# Raw data
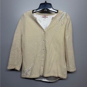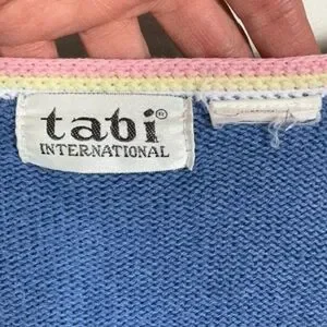 Vintage Tabi Pastel Blue Floral Embroidery Knit Cardigan Sweater. Crew neckline. Long sleeves. Button down. Very good pre-owned condition. No visible flaws but note that size tag missing. See measurements below. Fits like women's size XL or XXL.
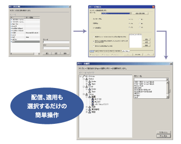 管理者から各端末使用者へ、一括保守と管理を実現。便利なファイル配布機能、アンチウイルスのアップデートの強制指示など、端末の保守を徹底強化。リモート操作機能を使えば、管理するPC端末が世界中どこにあっても遠隔操作が可能です。
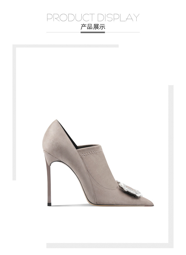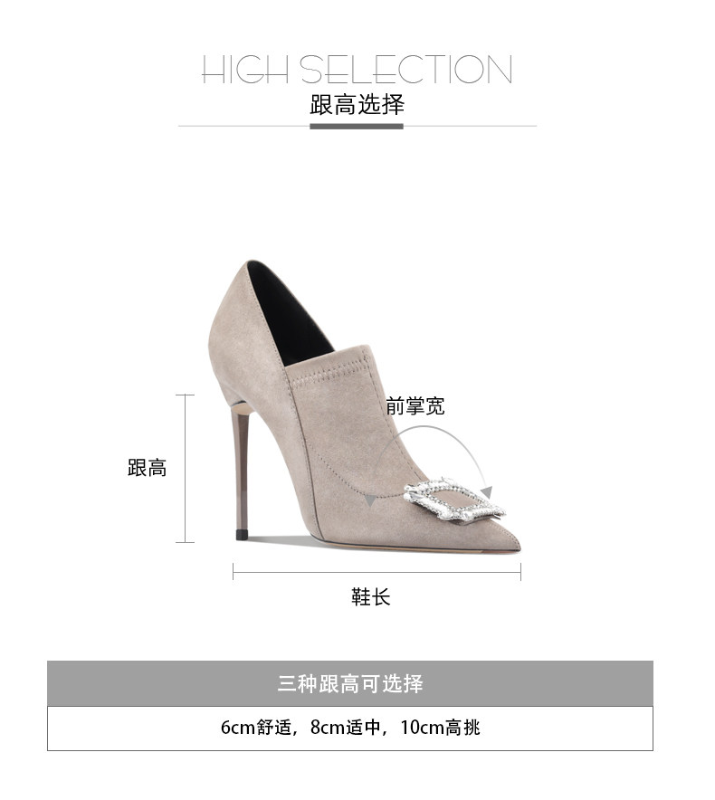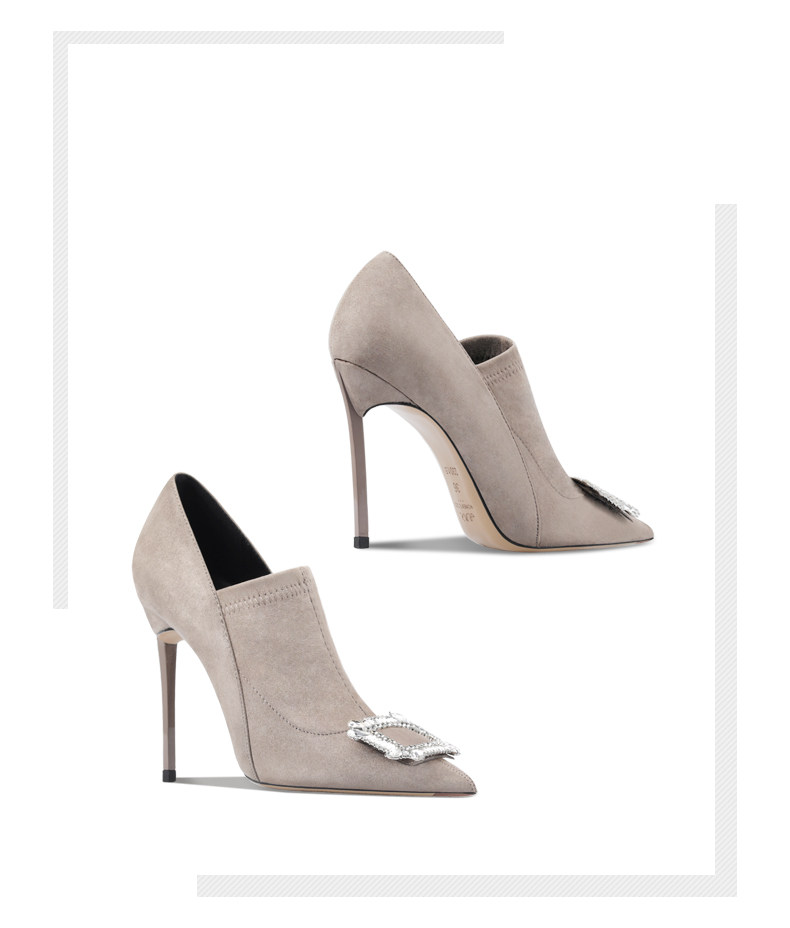 Quadratische Schnalle, spitzer Zehenbereich, hoher Absatz, kurze Stiefel für Damen, 2025 neue vielseitige Strass-Wildleder-Stiletto-Modestiefel, Stiefeletten mit Schnalle

# What you have to do
Repeat the exact lines from the first line of the data through the line containing "管理者から各端末使用者へ、一". Nothing else, no pictures.

# Response box
 Vintage Tabi Pastel Blue Floral Embroidery Knit Cardigan Sweater. Crew neckline. Long sleeves. Button down. Very good pre-owned condition. No visible flaws but note that size tag missing. See measurements below. Fits like women's size XL or XXL.
 管理者から各端末使用者へ、一括保守と管理を実現。便利なファイル配布機能、アンチウイルスのアップデートの強制指示など、端末の保守を徹底強化。リモート操作機能を使えば、管理するPC端末が世界中どこにあっても遠隔操作が可能です。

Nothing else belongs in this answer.